> What you should do:
Word for word, copy the entire listing below, but do not carry over any pictures.

> Source material:
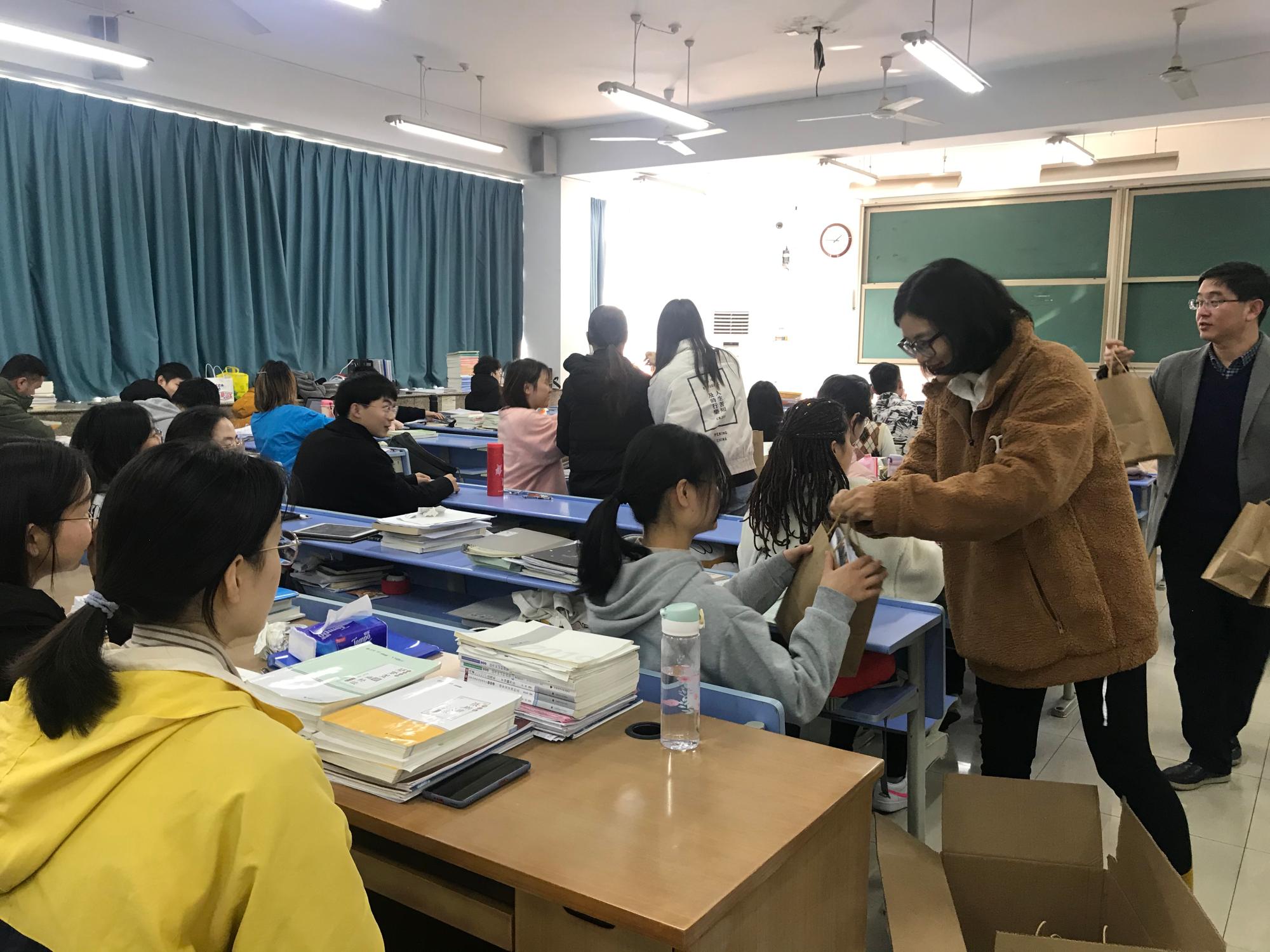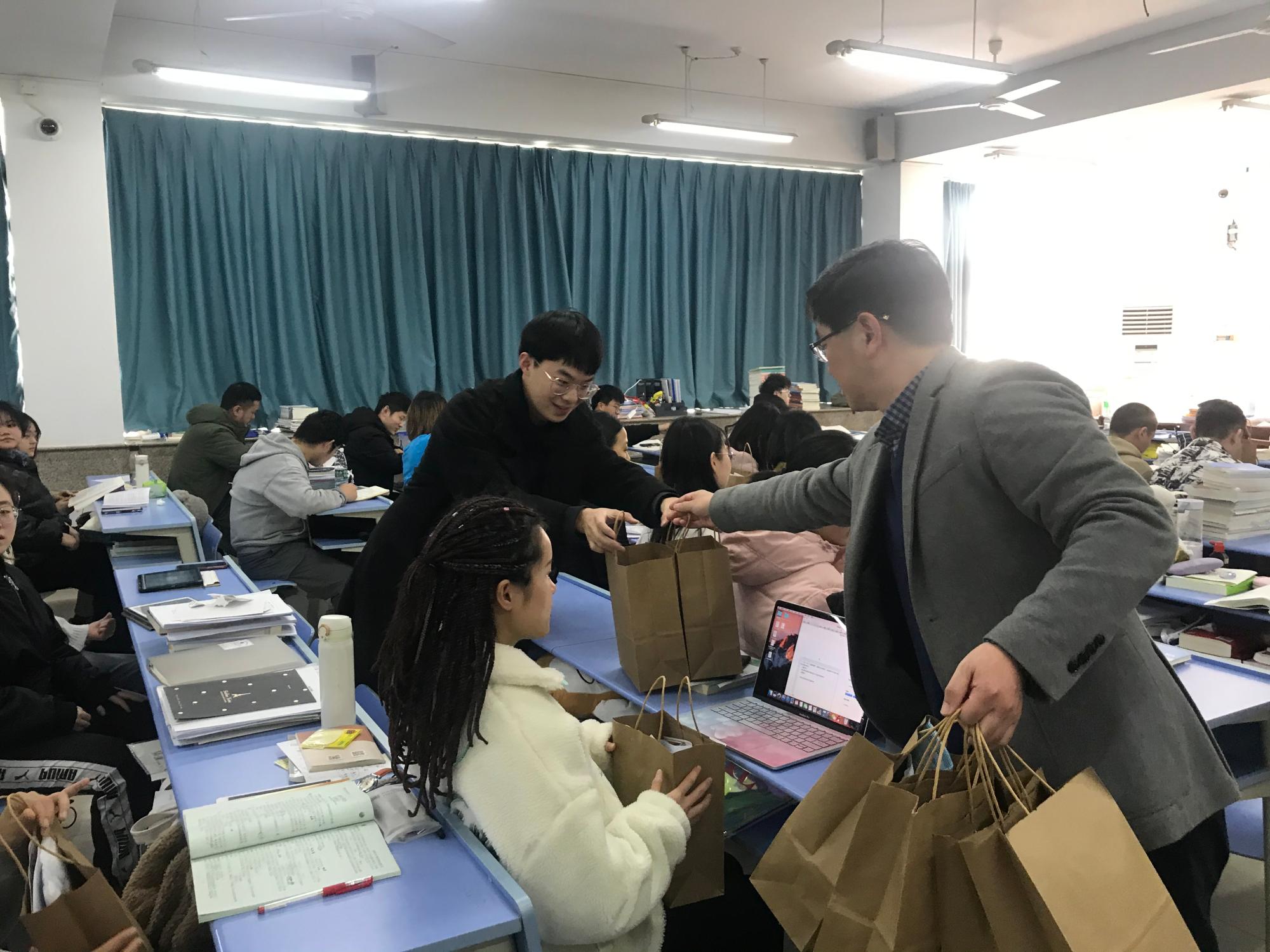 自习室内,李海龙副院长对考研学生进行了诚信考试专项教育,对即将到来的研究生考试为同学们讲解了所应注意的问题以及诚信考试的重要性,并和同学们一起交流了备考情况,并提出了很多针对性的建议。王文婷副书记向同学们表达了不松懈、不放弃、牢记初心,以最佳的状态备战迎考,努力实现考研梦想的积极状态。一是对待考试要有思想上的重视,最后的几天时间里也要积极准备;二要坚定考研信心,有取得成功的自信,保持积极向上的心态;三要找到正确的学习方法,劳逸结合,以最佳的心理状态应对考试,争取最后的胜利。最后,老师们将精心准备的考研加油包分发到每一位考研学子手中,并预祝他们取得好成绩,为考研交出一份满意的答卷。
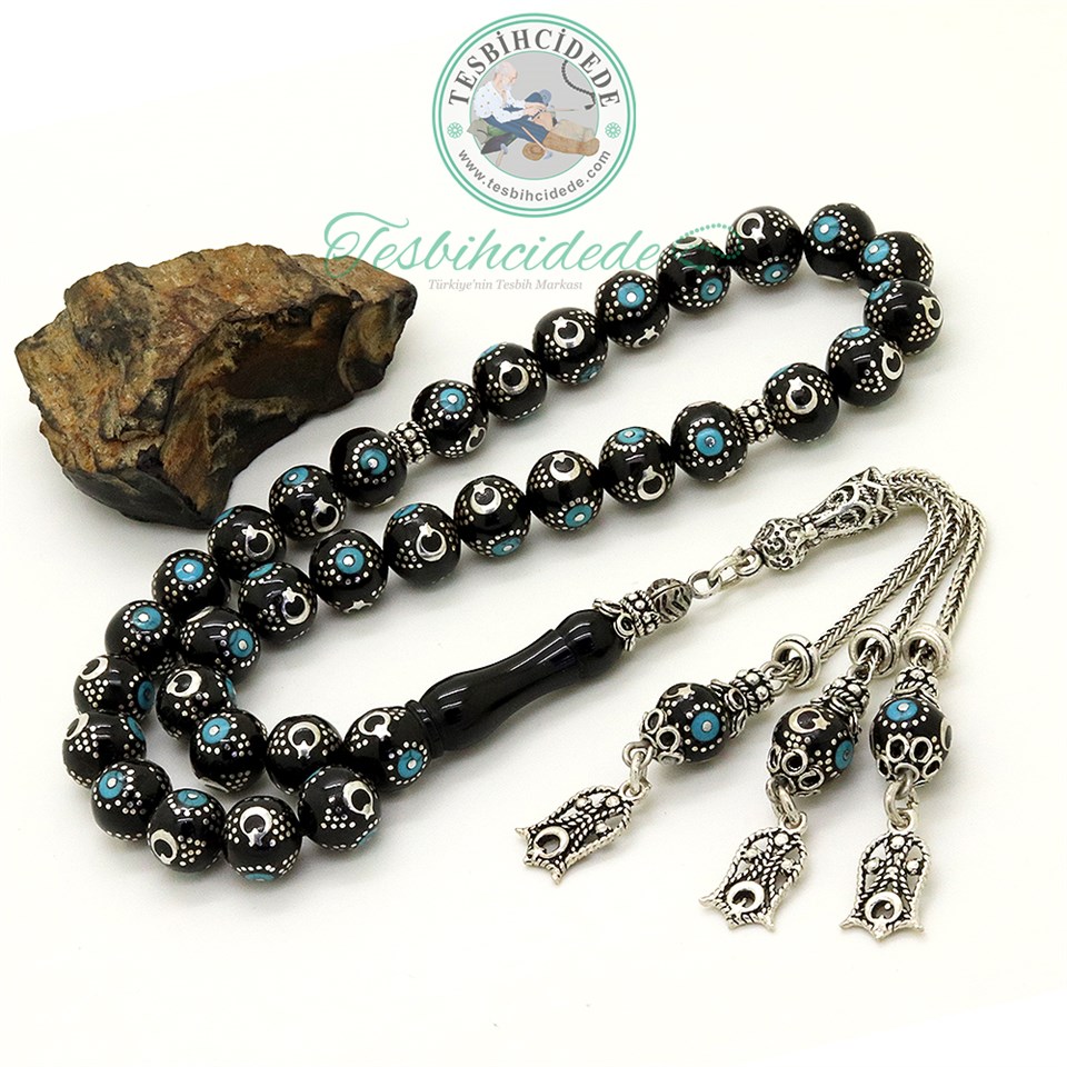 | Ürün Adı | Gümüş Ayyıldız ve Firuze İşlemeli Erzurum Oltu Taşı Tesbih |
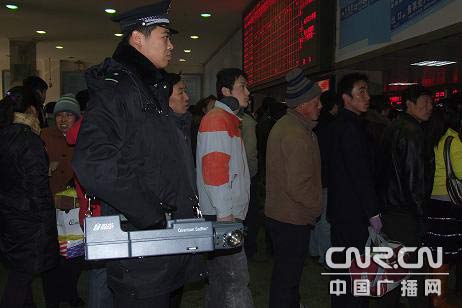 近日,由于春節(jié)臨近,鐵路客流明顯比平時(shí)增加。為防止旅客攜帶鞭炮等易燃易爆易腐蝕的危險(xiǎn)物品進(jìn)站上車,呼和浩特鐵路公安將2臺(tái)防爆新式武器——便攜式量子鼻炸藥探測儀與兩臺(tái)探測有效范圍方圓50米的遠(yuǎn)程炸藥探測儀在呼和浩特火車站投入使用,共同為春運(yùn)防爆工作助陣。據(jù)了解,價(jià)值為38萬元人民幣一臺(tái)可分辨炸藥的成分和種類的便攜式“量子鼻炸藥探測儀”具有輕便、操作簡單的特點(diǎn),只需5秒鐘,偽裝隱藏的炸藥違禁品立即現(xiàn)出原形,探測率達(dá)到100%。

> Solution:
 自习室内,李海龙副院长对考研学生进行了诚信考试专项教育,对即将到来的研究生考试为同学们讲解了所应注意的问题以及诚信考试的重要性,并和同学们一起交流了备考情况,并提出了很多针对性的建议。王文婷副书记向同学们表达了不松懈、不放弃、牢记初心,以最佳的状态备战迎考,努力实现考研梦想的积极状态。一是对待考试要有思想上的重视,最后的几天时间里也要积极准备;二要坚定考研信心,有取得成功的自信,保持积极向上的心态;三要找到正确的学习方法,劳逸结合,以最佳的心理状态应对考试,争取最后的胜利。最后,老师们将精心准备的考研加油包分发到每一位考研学子手中,并预祝他们取得好成绩,为考研交出一份满意的答卷。
 | Ürün Adı | Gümüş Ayyıldız ve Firuze İşlemeli Erzurum Oltu Taşı Tesbih |
 近日,由于春節(jié)臨近,鐵路客流明顯比平時(shí)增加。為防止旅客攜帶鞭炮等易燃易爆易腐蝕的危險(xiǎn)物品進(jìn)站上車,呼和浩特鐵路公安將2臺(tái)防爆新式武器——便攜式量子鼻炸藥探測儀與兩臺(tái)探測有效范圍方圓50米的遠(yuǎn)程炸藥探測儀在呼和浩特火車站投入使用,共同為春運(yùn)防爆工作助陣。據(jù)了解,價(jià)值為38萬元人民幣一臺(tái)可分辨炸藥的成分和種類的便攜式“量子鼻炸藥探測儀”具有輕便、操作簡單的特點(diǎn),只需5秒鐘,偽裝隱藏的炸藥違禁品立即現(xiàn)出原形,探測率達(dá)到100%。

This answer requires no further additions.